Brief: I would like the line with "12月10日下午,洛阳市总工" and every line after it, down to the end of the entries below, output exactly and without pictures.
___ Task inputs
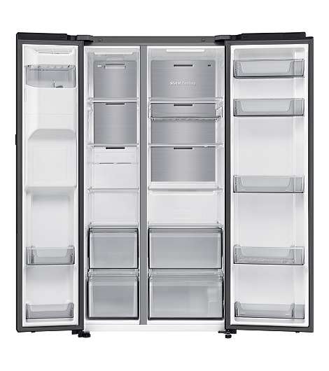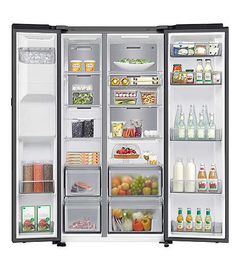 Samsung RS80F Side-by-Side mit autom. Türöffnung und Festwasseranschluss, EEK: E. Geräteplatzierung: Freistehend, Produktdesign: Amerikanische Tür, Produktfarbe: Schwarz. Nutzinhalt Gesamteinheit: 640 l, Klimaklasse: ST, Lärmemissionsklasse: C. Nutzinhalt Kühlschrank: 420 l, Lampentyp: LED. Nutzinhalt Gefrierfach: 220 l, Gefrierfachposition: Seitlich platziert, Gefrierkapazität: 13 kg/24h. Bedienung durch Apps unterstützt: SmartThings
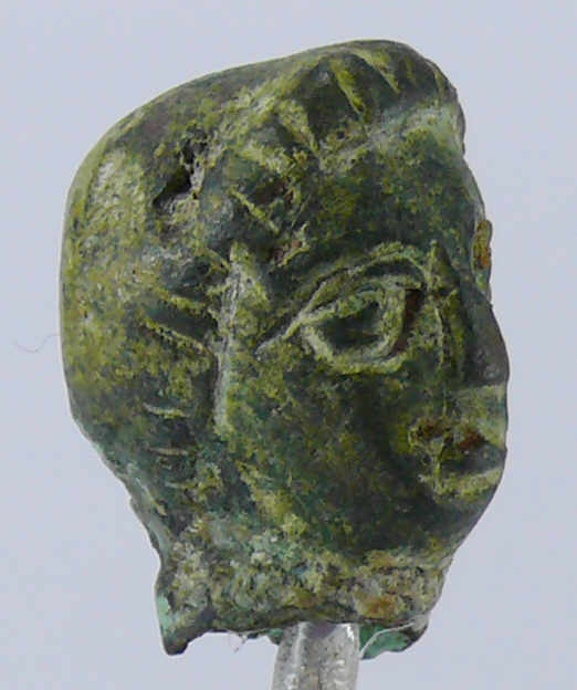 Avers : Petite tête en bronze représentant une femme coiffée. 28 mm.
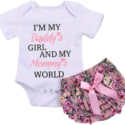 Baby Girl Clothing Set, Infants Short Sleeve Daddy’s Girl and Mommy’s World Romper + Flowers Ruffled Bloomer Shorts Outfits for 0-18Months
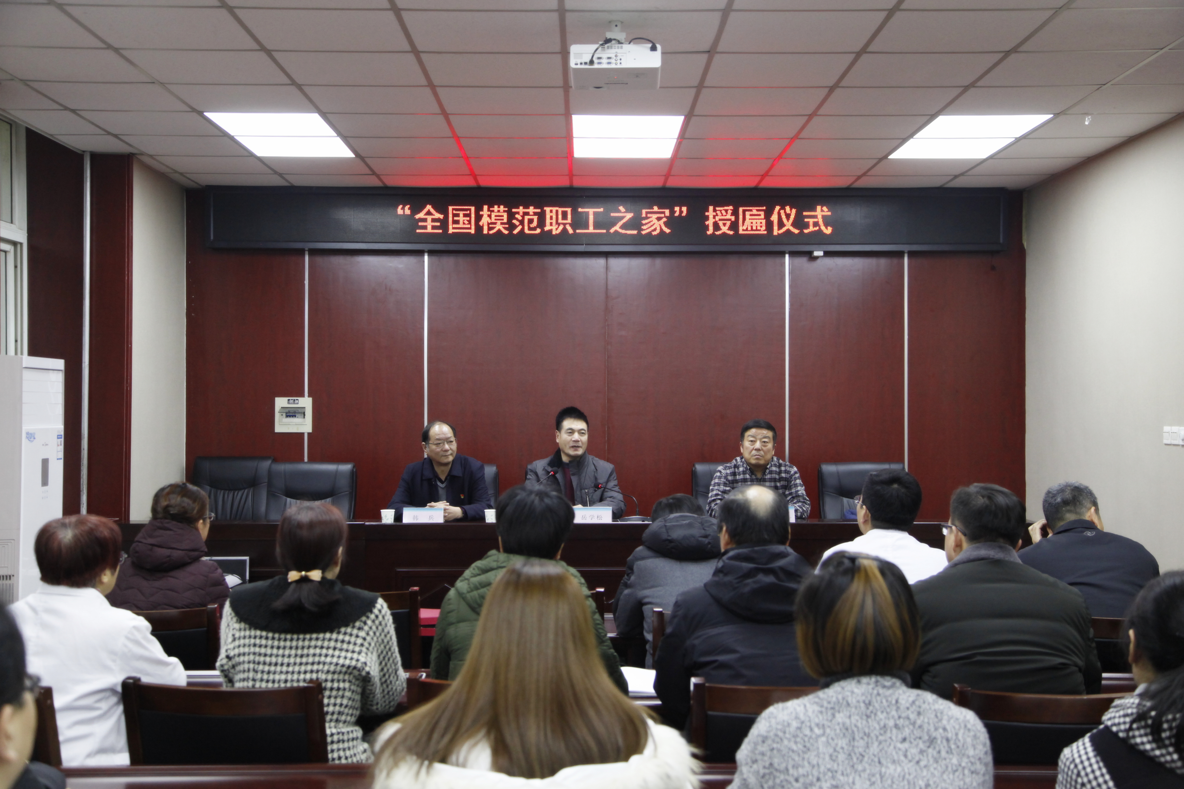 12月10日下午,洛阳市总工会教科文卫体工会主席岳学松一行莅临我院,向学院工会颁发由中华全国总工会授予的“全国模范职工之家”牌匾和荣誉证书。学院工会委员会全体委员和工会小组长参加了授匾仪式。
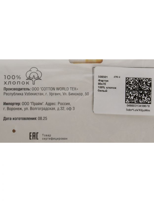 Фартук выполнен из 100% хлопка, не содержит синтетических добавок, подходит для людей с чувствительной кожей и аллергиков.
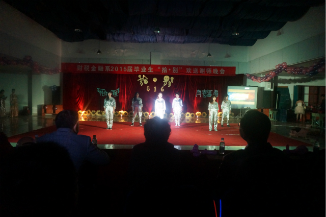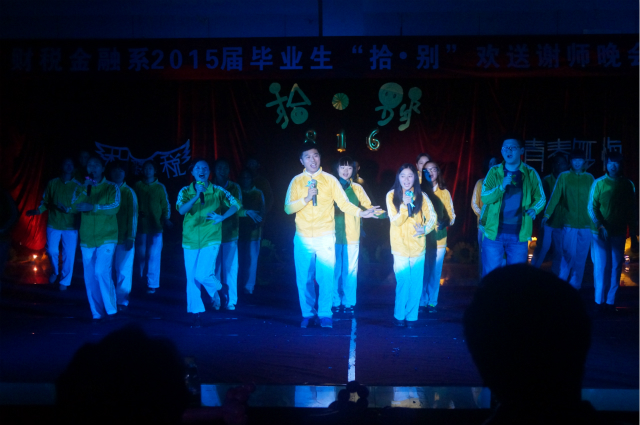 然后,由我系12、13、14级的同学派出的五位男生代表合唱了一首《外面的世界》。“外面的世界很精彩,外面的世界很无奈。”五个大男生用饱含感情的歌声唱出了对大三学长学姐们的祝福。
______
Expected answer:
 12月10日下午,洛阳市总工会教科文卫体工会主席岳学松一行莅临我院,向学院工会颁发由中华全国总工会授予的“全国模范职工之家”牌匾和荣誉证书。学院工会委员会全体委员和工会小组长参加了授匾仪式。
 Фартук выполнен из 100% хлопка, не содержит синтетических добавок, подходит для людей с чувствительной кожей и аллергиков.
 然后,由我系12、13、14级的同学派出的五位男生代表合唱了一首《外面的世界》。“外面的世界很精彩,外面的世界很无奈。”五个大男生用饱含感情的歌声唱出了对大三学长学姐们的祝福。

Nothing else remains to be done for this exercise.